Grounding-Driven Attack: Improving Encoder-based Adversarial Transferability against Large Vision-Language Models 文章

ArXiv CS.CV2026-05-26NEWSen作者: Xinwei Zhang, Li Bai, Tianwei Zhang, Youqian Zhang, Qingqing Ye, Yingnan Zhao, Ruochen Du, Haibo Hu

摘要

arXiv:2602.09431v2 Announce Type: replace-cross Abstract: Large vision-language models (LVLMs) have achieved impressive performance across multimodal tasks, but their reliance on visual inputs exposes them to adversarial threats. Encoder-based attacks provide an efficient alternative to end-to-end optimization by crafting perturbations through the vision encoder alone.
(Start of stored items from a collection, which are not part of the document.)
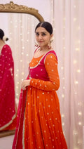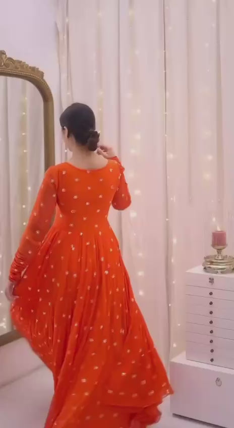 ✨ Step into elegance with our New Designer 4-Piece Party Wear Collection , crafted for weddings, festive celebrations, and special occasions. This luxurious set includes a Heavy Faux Georgette Anarkali Gown with stunning embroidery & sequins work, a matching Koti with Micro Cotton inner, a 2.20m embellished dupatta, and comfortable Micro Cotton pants. With a 7 mtr full flair gown and sizes from M to XXL, this set brings together glamour, comfort, and festive charm in one complete outfit. 🌸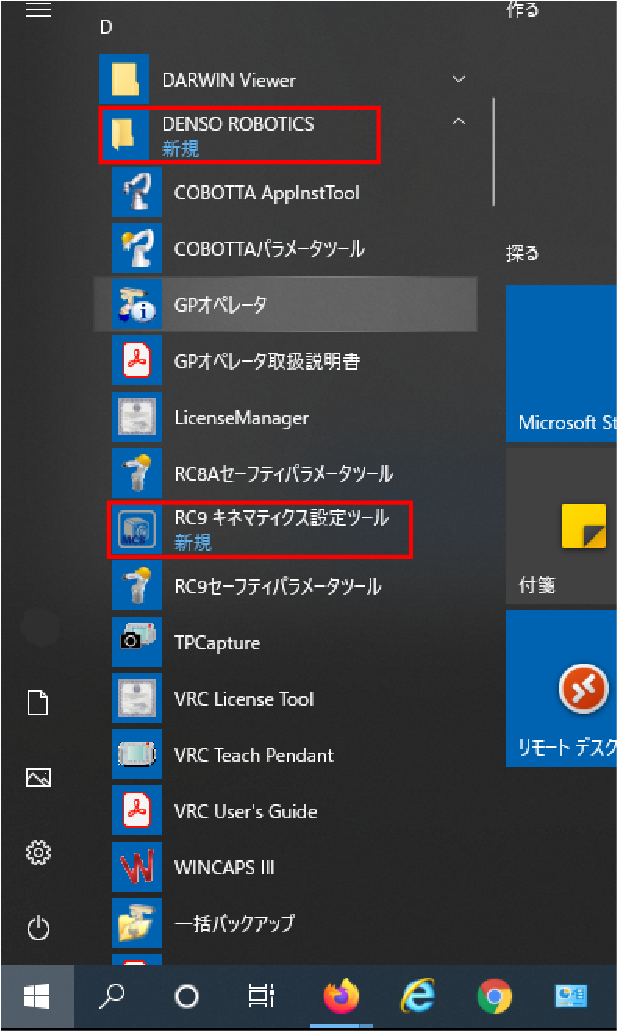 操作経路:PC[スタート]ボタン - [DENSO ROBOTICS] - [RC9キネマティクス設定ツール]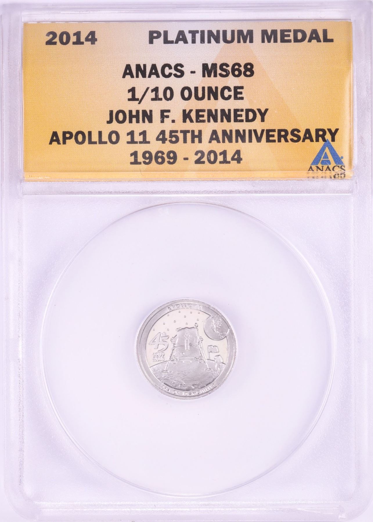 One 2014 Proof 1/10 oz Platinum JFK Apollo 11 Anniversary Medal ANACS MS68.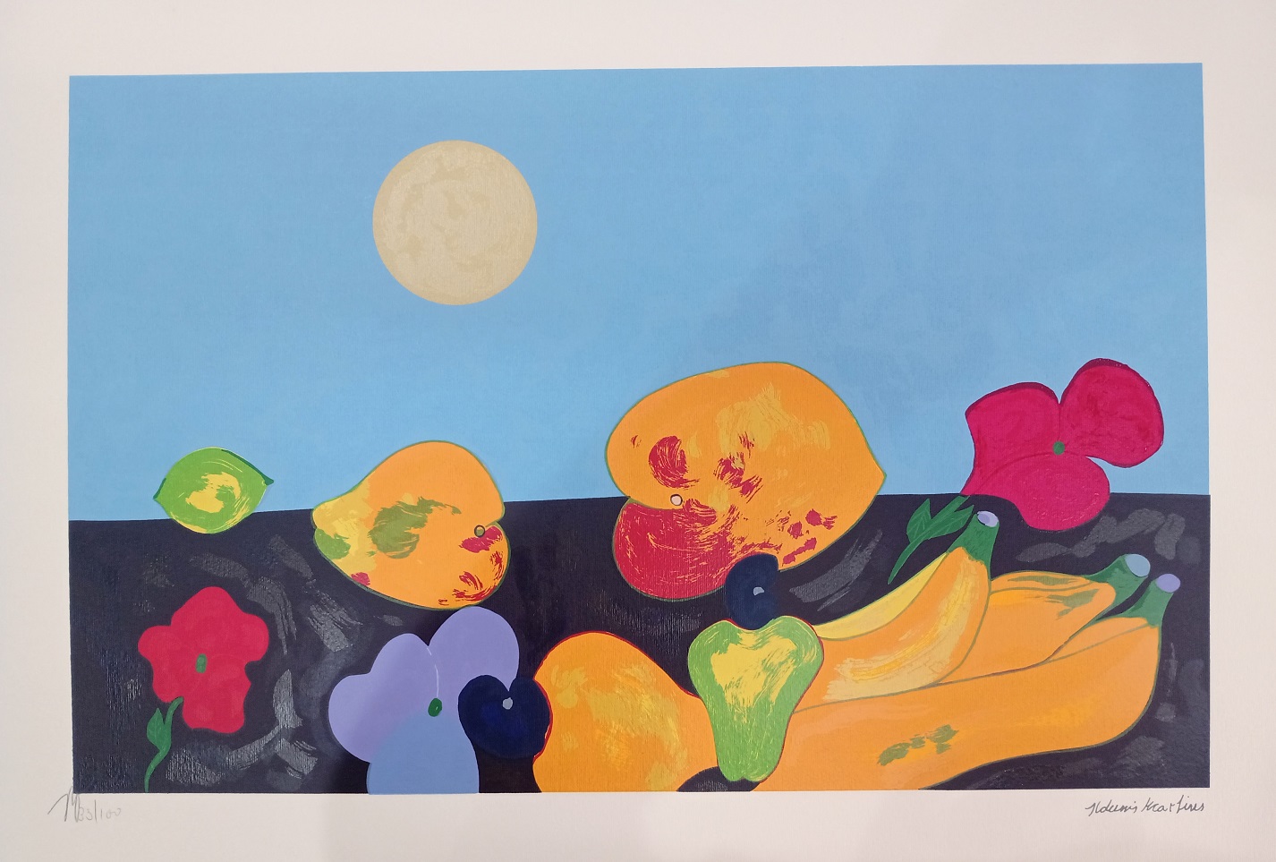 Aldemir Martins - Bananas verdes - 59 x 73 cm - Óleo sobre tela - Assinatura canto inferior direito e Data 1973 - Catalogado sob o número BR 5503 da Galeria Bonino

However, existing encoder-based attacks often assume that the surrogate encoder is identical or similar to the victim LVLM's vision encoder. In this work, we present a systematic study of their transferability in more realistic black-box deployments with heterogeneous LVLM architectures. We find that model-specific visual evidence is inconsistent across models, whereas text-conditioned grounding regions are more closely tied to caption-relevant evidence and provide a more stable transfer target. However, existing attacks remain weakly aligned with and insufficiently disrupt these regions.